Ino Your average Zoom call. On Dec. 6, a three-judge panel sentenced Argentina’s vice president, Cristina Fernández de Kirchner, to six years in prison and banned from holding public office for life. When their meeting ended, Ms Fernandez responded via her own livestream on Twitter, denying all allegations and arguing that the judiciary was a “parallel state”. “Here’s what you want: I’m either in jail or dead,” she raged.

The judge ruled that Ms Fernández handed over public roadworks contracts to her family friend and business partner, Lázaro Báez, during her presidency from 2007 to 2015. Ms Fernandez’s former public works secretary, José López. The ruling is the first of its kind in Argentina. The current executive has never been convicted of corruption before.

The trial has been closely watched by Argentines, leading Ms Fernandez’s followers to rally in support of her in front of her home for weeks. During one such protest in early September, a man tried to assassinate Ms Fernandez, but the gun fell silent.

Ms Fernandez is expected to appeal the conviction. The case could reach the Supreme Court, which could be years away. She is free to run in next year’s presidential election. A seat in Congress would save her from arrest. But Ms. Fernandez surprised many when she announced on Dec. 6 that she would not run for any public office next year. Instead, she dared officials to arrest her.

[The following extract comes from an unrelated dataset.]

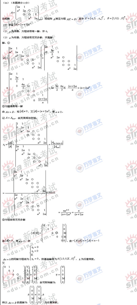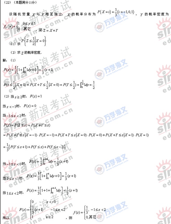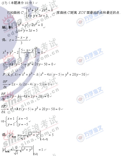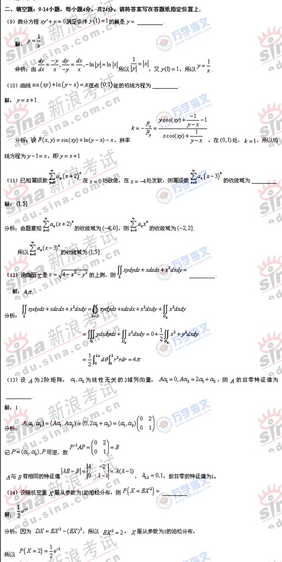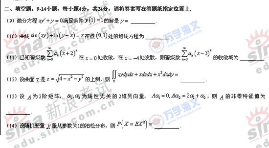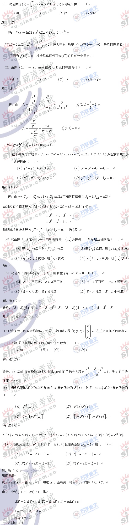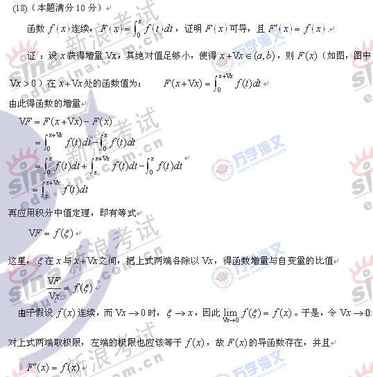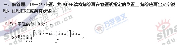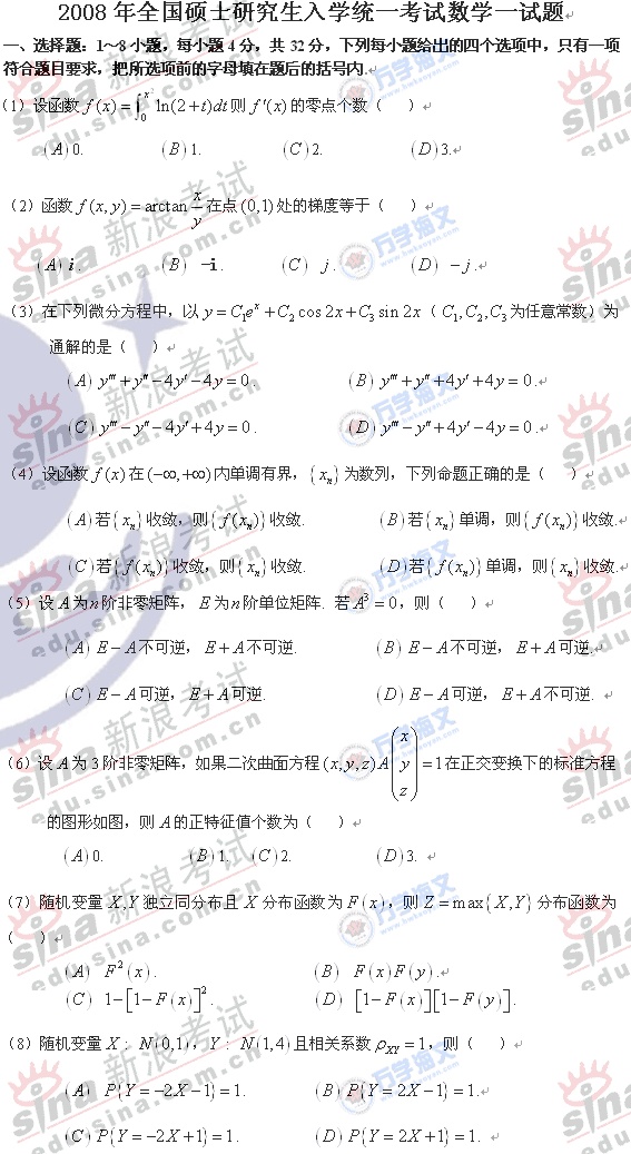 2008年硕士研究生入学考试数学一真题

Ms Fernandez has been investigated in more than a dozen cases, mostly for corruption, although she has been acquitted in four and fired in two others.

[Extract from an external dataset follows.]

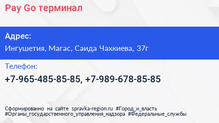 Pay & Go, терминал по адресу Ингушетия, Магас, Саида Чахкиева, 37г в дальнейшем Организация, размещена в следующих категориях:

Ms Fernandez has been Argentina’s most influential and polarizing politician since entering politics in the 1990s. Together with her late husband, Nestor Kirchner, who was president from 2003 to 2007, she launched a left-wing movement that has the support of less than a third of voters. Her supporters have praised her for increasing welfare payments to the poor and nationalizing state-owned airlines and oil companies. Critics see her as a populist who fueled Argentina’s ruin by expropriating foreign businesses, introducing dizzying price controls and monitoring double-digit inflation.

Mr Báez, a former bank employee in the remote Patagonian province of Santa Cruz, the Kirchner family’s political stronghold, founded a construction firm days before Nestor Kirchner became president. Mr. Báez’s company won 51 public works contracts in Santa Cruz between 2003 and 2015, accounting for almost 80 percent of all public works contracts in the province during that period. Only 27 projects were completed and another 24 projects were abandoned. Prosecutors estimate that the fraudulent contracts cost the state about $1 billion.

Video from 2012 shows Mr Báez’s son counting wads of cash in his office with other apparent associates of the Kirchner family. Mr. Lopez, who served as public works minister during Kirchner’s 12-year rule, was caught on camera throwing a duffel bag containing $9 million in cash and a Rolex watch into the convent shortly after Ms. Fernandez left office in 2016. Mr. Báez and Mr. López, both convicted in unrelated cases, were also sentenced to six years in prison on December 6.

Supporters of Ms Fernandez protested outside the courtroom as the conviction was read out. Some of them compared her to Brazil’s leftist former president, Luiz Inácio Lula da Silva, who was jailed in 2018 on corruption charges but was arrested 19 months later. He was released after the conviction was quashed by the Supreme Court on technical grounds. He won Brazil’s presidential election in October. Supporters of Ms Fernandez hope she too will have a political future.